Exactly as they appear below, repeat the lines from the one with "7-in-1 Multi Plug" through the one with "Σε αυτή την". Drop every picture.

▸ **Supplied information**
╭──
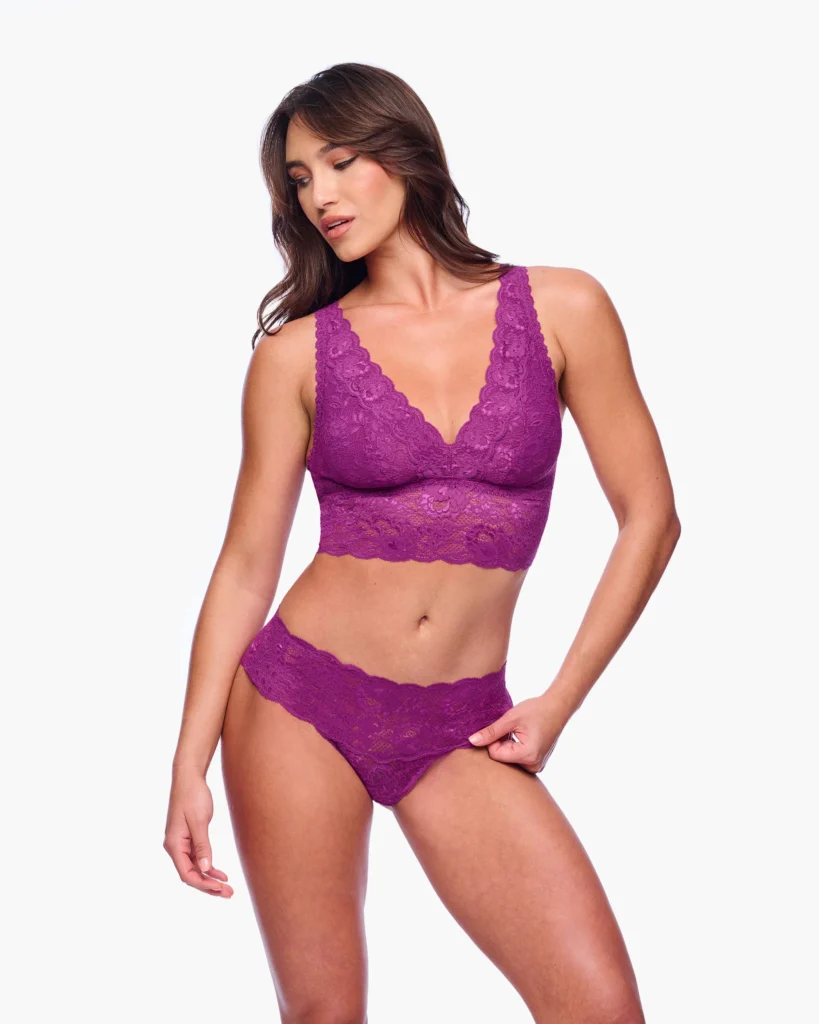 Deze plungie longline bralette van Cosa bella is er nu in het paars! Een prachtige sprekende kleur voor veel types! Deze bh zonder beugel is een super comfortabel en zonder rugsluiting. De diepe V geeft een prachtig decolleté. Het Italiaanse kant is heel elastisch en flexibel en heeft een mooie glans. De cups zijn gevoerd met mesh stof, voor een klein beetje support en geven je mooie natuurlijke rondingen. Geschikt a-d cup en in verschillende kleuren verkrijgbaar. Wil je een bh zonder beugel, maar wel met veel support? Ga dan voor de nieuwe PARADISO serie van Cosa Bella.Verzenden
╰──
╭──
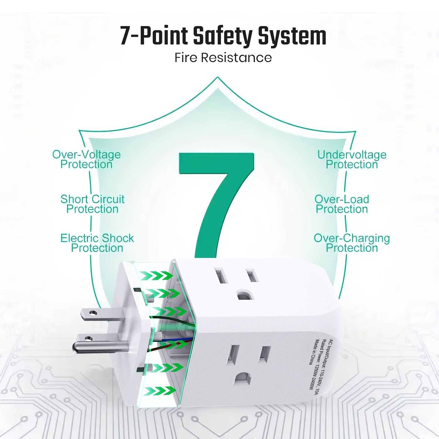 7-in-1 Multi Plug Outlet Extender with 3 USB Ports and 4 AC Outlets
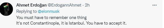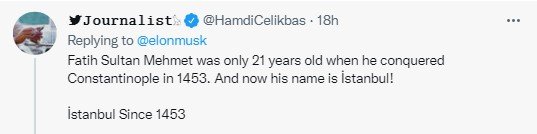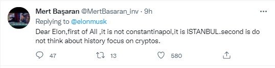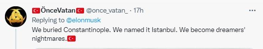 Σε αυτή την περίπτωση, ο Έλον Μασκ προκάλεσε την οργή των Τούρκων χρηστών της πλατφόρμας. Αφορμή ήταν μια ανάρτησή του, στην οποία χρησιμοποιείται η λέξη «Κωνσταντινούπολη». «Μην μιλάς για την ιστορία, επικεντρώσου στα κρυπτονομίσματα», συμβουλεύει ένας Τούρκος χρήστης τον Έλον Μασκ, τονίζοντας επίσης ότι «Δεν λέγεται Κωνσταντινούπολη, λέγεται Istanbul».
╰──
▸ **Expected output**
 7-in-1 Multi Plug Outlet Extender with 3 USB Ports and 4 AC Outlets
 Σε αυτή την περίπτωση, ο Έλον Μασκ προκάλεσε την οργή των Τούρκων χρηστών της πλατφόρμας. Αφορμή ήταν μια ανάρτησή του, στην οποία χρησιμοποιείται η λέξη «Κωνσταντινούπολη». «Μην μιλάς για την ιστορία, επικεντρώσου στα κρυπτονομίσματα», συμβουλεύει ένας Τούρκος χρήστης τον Έλον Μασκ, τονίζοντας επίσης ότι «Δεν λέγεται Κωνσταντινούπολη, λέγεται Istanbul».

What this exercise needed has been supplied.